To reach a satisfactory understanding of the problem at hand, I think you need to learn about multidimensional resultants (see below for where to get started).
Working over the field $\mathbb{C}$, let $F_1(x),\ldots, F_n(x)$ be $n$ homogeneous polynomials of respective degrees $d_1,\ldots,d_n$. Then there is a polynomial in the coefficients of these forms called the resultant $\mathrm{Res}(F_1,\ldots,F_n)$ which is zero iff there exists $x\in\mathbb{C}^n\backslash\{0\}$ such that $F_1(x)=0,\ldots,F_n(x)=0$.
This resultant is multihomogeneous of degree $\prod_{j\neq i}d_j$ in the coefficients of the form $F_i$.

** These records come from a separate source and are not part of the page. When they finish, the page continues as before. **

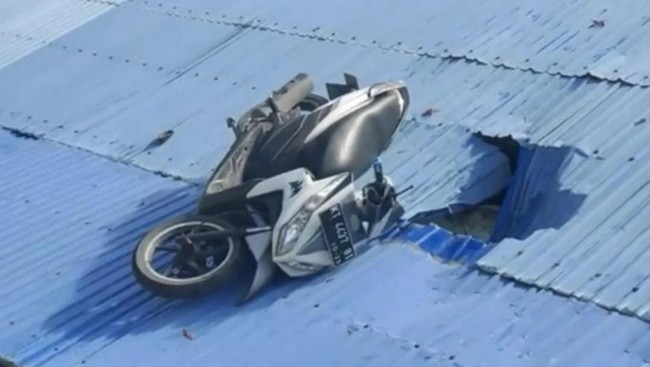 Tayangan singkat yang dibagikan akun Instagram @memomedsos itu menunjukkan kondisi motor Honda Vario yang telah tergeletak di atap rumah warga. Sementara itu, ada beberapa bagian atap yang terlihat rusak dan jebol.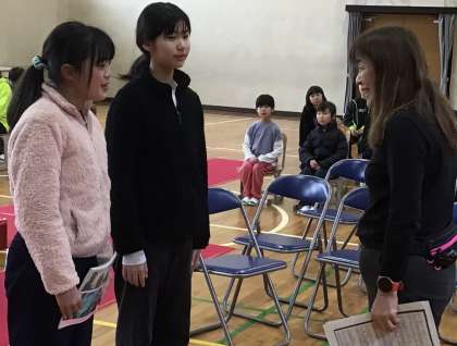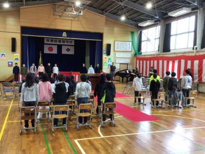 講師の方に、全校児童で歌う「校歌」と「まほろば」を教えていただきました。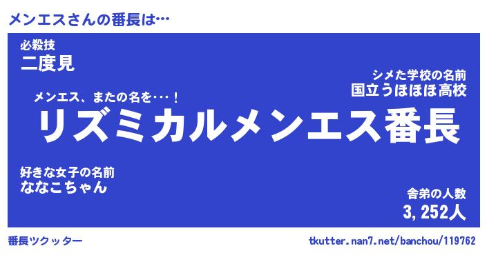 | 意味不明あだ名 | 『ペロリンメンエス』『永久保存メンエス』 |
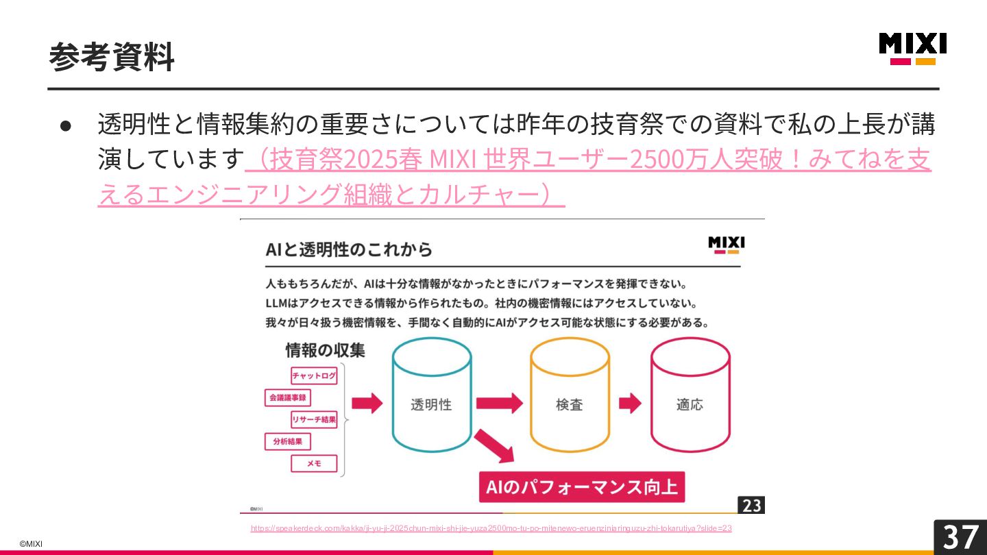 37 ©MIXI • 透明性と情報集約の重要さについては昨年の技育祭での資料で私の上⻑が講 演しています(技育祭2025春 MIXI 世界ユーザー2500万⼈突破!みてねを⽀ えるエンジニアリング組織とカルチャー) 参考資料 https://speakerdeck.com/kakka/ji-yu-ji-2025chun-mixi-shi-jie-yuza2500mo-tu-po-mitenewo-eruenziniaringuzu-zhi-tokarutiya?slide=23

Now for your situation, one should consider $\mathrm{Res}(p_1,\ldots,p_{n-1},u)$
where $u(x)$ is a generic linear form. If I remember correctly, the common zero set in projective space of your $n-1$ quadratics is zero dimensional iff the above polynomial in the coefficients of $u$ does not vanish identically (with the $p$'s fixed).
Finally, if this zero dimensional condition is satisfied and you look for the coordinates of the solutions of the system along a fixed axis, these indeed are the roots of a degree $2^{n-1}$ polynomial in one variable. This follows from the above polynomial being of degree $2^{n-1}$ with respect to $u$.
A great introductory reference for multidimensional resultants is the book chapter "Introduction to residues and resultants" by Cattani and Dickenstein.